#### [Working data]
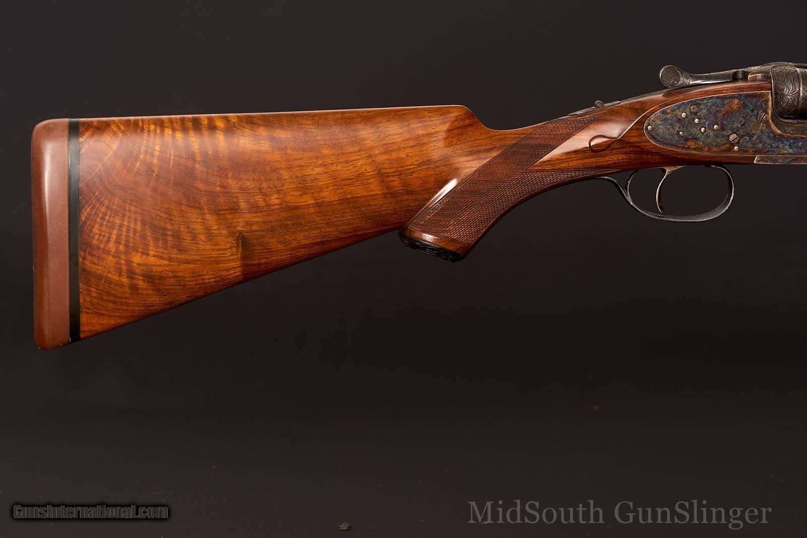 Description: Presented for sale, you will find a Arrizabalaga-Ebar Sidelock Ejector chambered for 12 gauge ammunition. This Arrizabalaga-Ebar is fitted with 28 inch barrels choked improved cylinder and full. This is #2 of a two gun set. The other is also listed. Check “Seller’s Other Listings”. You could have a nice set for very little money. We ill sell both guns for $800 each if both are sold to the same buyer. This Arrizabalaga-Ebar Sidelock Ejector warrants an NRA rating of Very Good. The images will illustrate the condition of this shotgun better than I can describe. This shotgun will ship to the lower 48 via FedEx Ground for $35. Our phones are answered 24/7 by a human that speaks English. Thank you for looking SOLD Shotgun Gauge: 12 Gauge Serial Number: 4050 Barrel Length: 28 Ejectors: Yes Condition: NRA Very Good Metal Condition: See Images Wood Condition: See Images Bore Condition: Excellent Action: Side Lock Triggers: Single Selective Stock Drop: 1 1/2 Stock Comb: 1 1/2 Stock Heel: 2 Stock Cast: 1/4 Right Hand Butt Pad: OEM LOP: 14 Rib: Yes Finish: Blue Choke Left: Full Choke Right: Improved Cylinder Engraving: See Images Item Location: Little Rock, Arkansas |
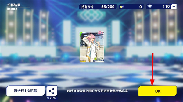 3、招募后會獲得偶像卡片,點擊OK確認招募結果,超過持有數量上限的卡片會被轉移至休息室。
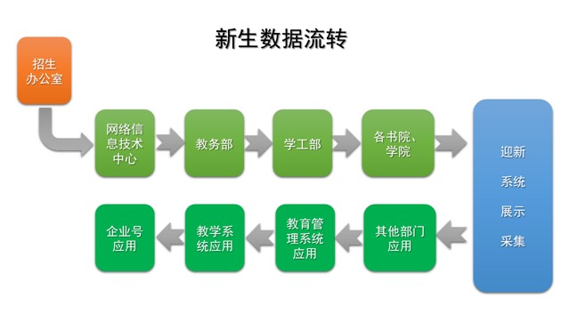 近年来,北理工迎新工作堪称是信息化提升工作效能的典型案例,学校自2012年起实施“数字迎新”,从初期仅实现“无纸化”到现在实现 “新生未入校,数据已流转,手机扫一扫,发卡即报到”。通过网上预报到系统实现信息采集反馈、费用缴纳、管理体系构建的前置,有效消除了报到当日人流与信息流的密集叠加,实现了对招生、教务、学生、后勤等多部门工作流程改造的“反驱动”。迎新报到工作的流程再造,有效提升了管理效能,使迎新报到从繁琐的办理入校手续变为一场温馨热烈的“嘉年华”。
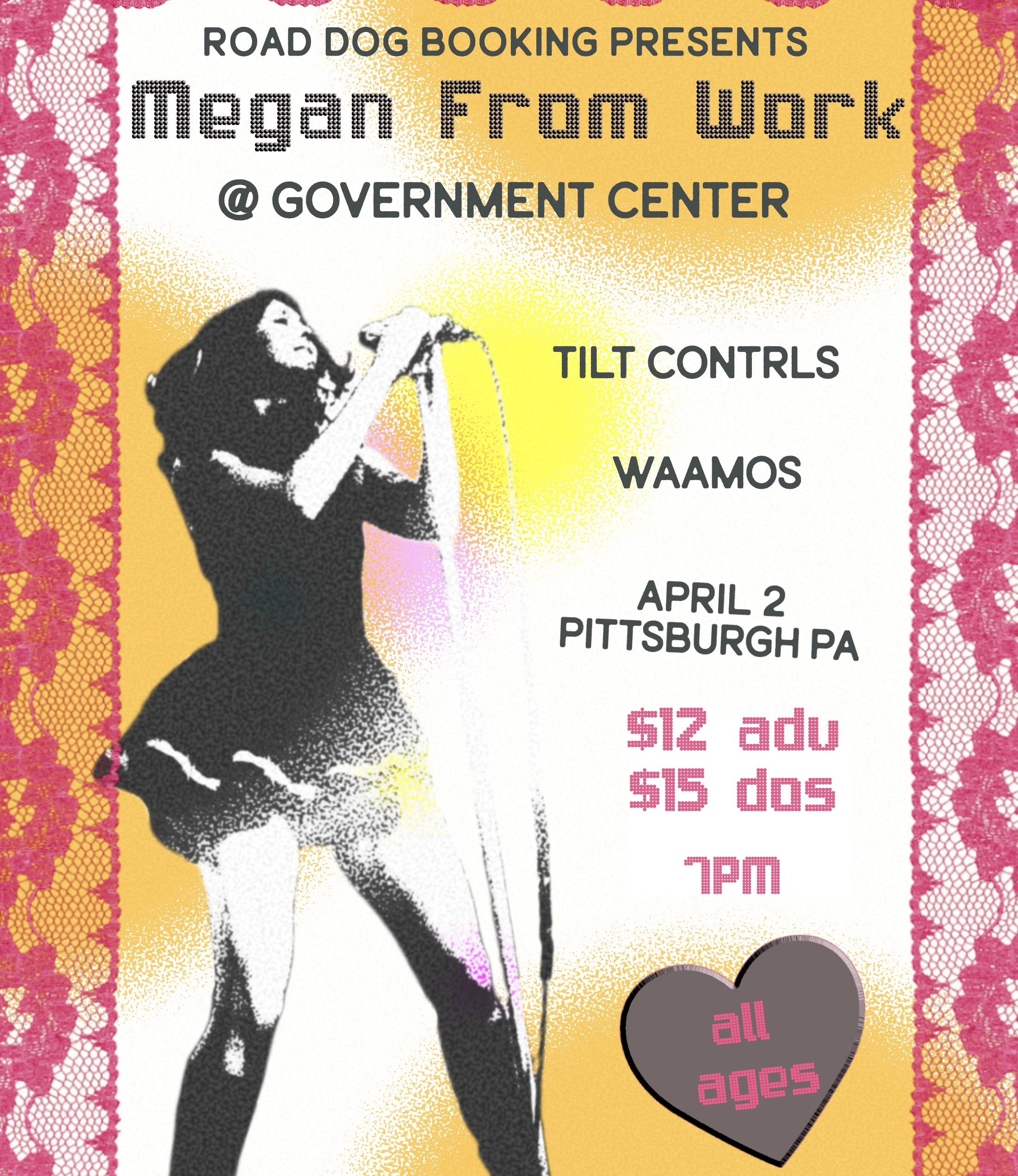 Megan From Work with Tilt Controls and Waamos Poppy punk rockers Megan From Work with Tilt Controls and Waamos at The Government Center. Concert Thursday, April 2, 2026 at 7:00 PM The Government Center All Ages The Government Center Megan From Work Tilt Controls +1 more Indie Rock
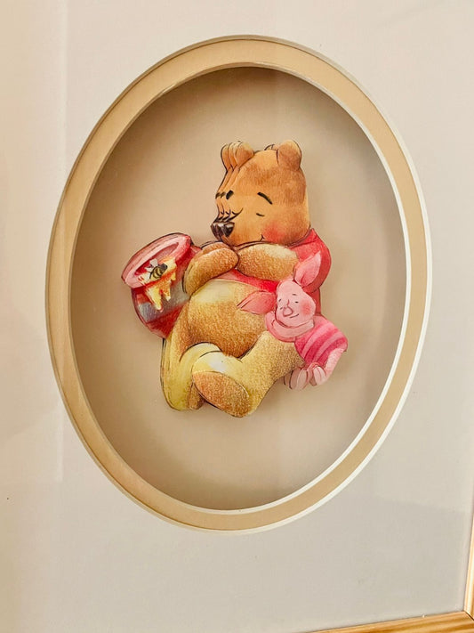 Disney 3D Layered large Wall Frame – Winnie the Pooh in Center with Brown Wooden Border
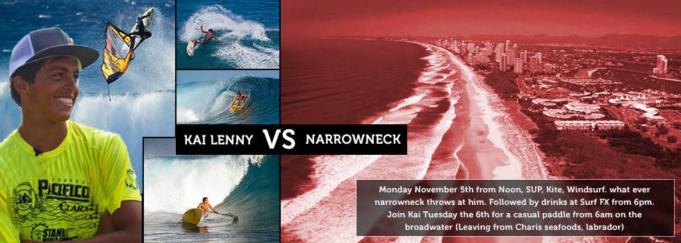 Kai will also be at Narrowneck (Main beach) on Monday the 5th from noon doing what he does. If its windy kitesurfing, really windy windsurfing, glassy SUPing.
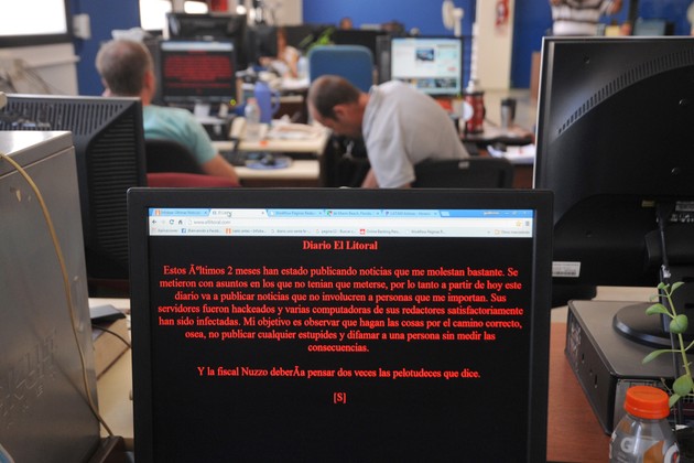 El mensaje intimidatorio decía: "Diario El Litoral. Estos últimos 2 meses han estado publicando noticias que me molestan bastante. Se metieron con asuntos en los que no tenían que meterse, por lo tanto a partir de hoy este diario va a publicar noticias que no involucren a personas que me importan. Sus servidores fueron hackeados y varias computadoras de sus redactores satisfactoriamente han sido infectadas. Mi objetivo es observar que hagan las cosas por el camino correcto, osea, no publicar cualquier estupidez y difamar a una persona sin medir las consecuencias. Y la fiscal Nuzzo deberÃa [sic] pensar dos veces las pelotudeces que dice [S]"
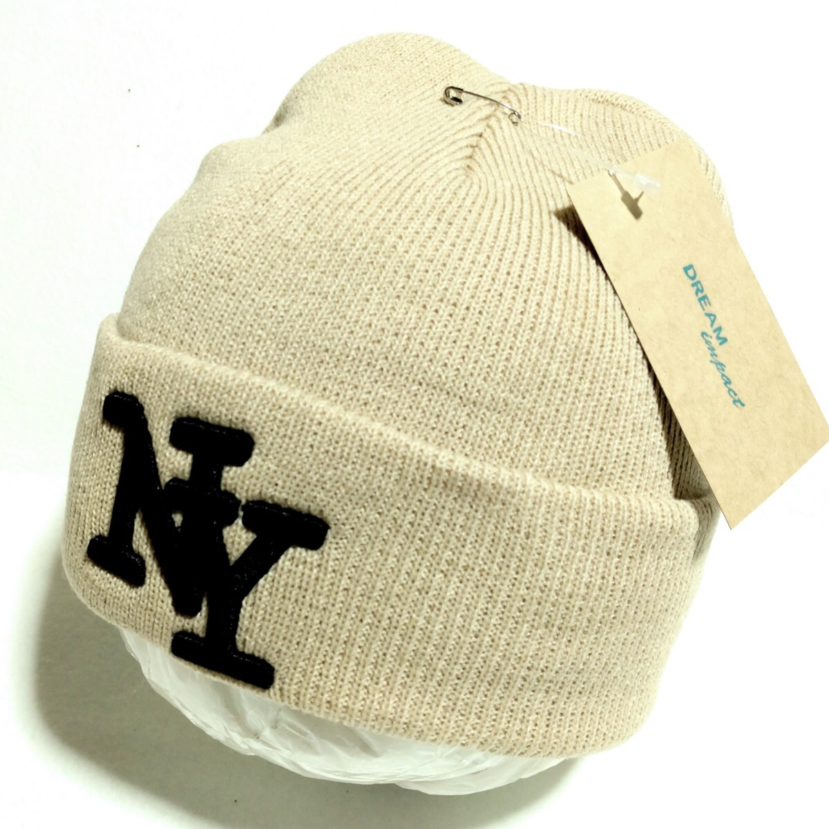 - 特価/未使用【サイズ=アダルトフリー】ノーブランド/NY/男女兼用/ニット/キャップbeige

#### [How to complete this task]
Taking the entries above, copy word for word the lines from the one with "近年来,北理工迎新工作堪称是" up to and including the one with "Disney 3D Layered", without any picture.

#### [Task answer]
 近年来,北理工迎新工作堪称是信息化提升工作效能的典型案例,学校自2012年起实施“数字迎新”,从初期仅实现“无纸化”到现在实现 “新生未入校,数据已流转,手机扫一扫,发卡即报到”。通过网上预报到系统实现信息采集反馈、费用缴纳、管理体系构建的前置,有效消除了报到当日人流与信息流的密集叠加,实现了对招生、教务、学生、后勤等多部门工作流程改造的“反驱动”。迎新报到工作的流程再造,有效提升了管理效能,使迎新报到从繁琐的办理入校手续变为一场温馨热烈的“嘉年华”。
 Megan From Work with Tilt Controls and Waamos Poppy punk rockers Megan From Work with Tilt Controls and Waamos at The Government Center. Concert Thursday, April 2, 2026 at 7:00 PM The Government Center All Ages The Government Center Megan From Work Tilt Controls +1 more Indie Rock
 Disney 3D Layered large Wall Frame – Winnie the Pooh in Center with Brown Wooden Border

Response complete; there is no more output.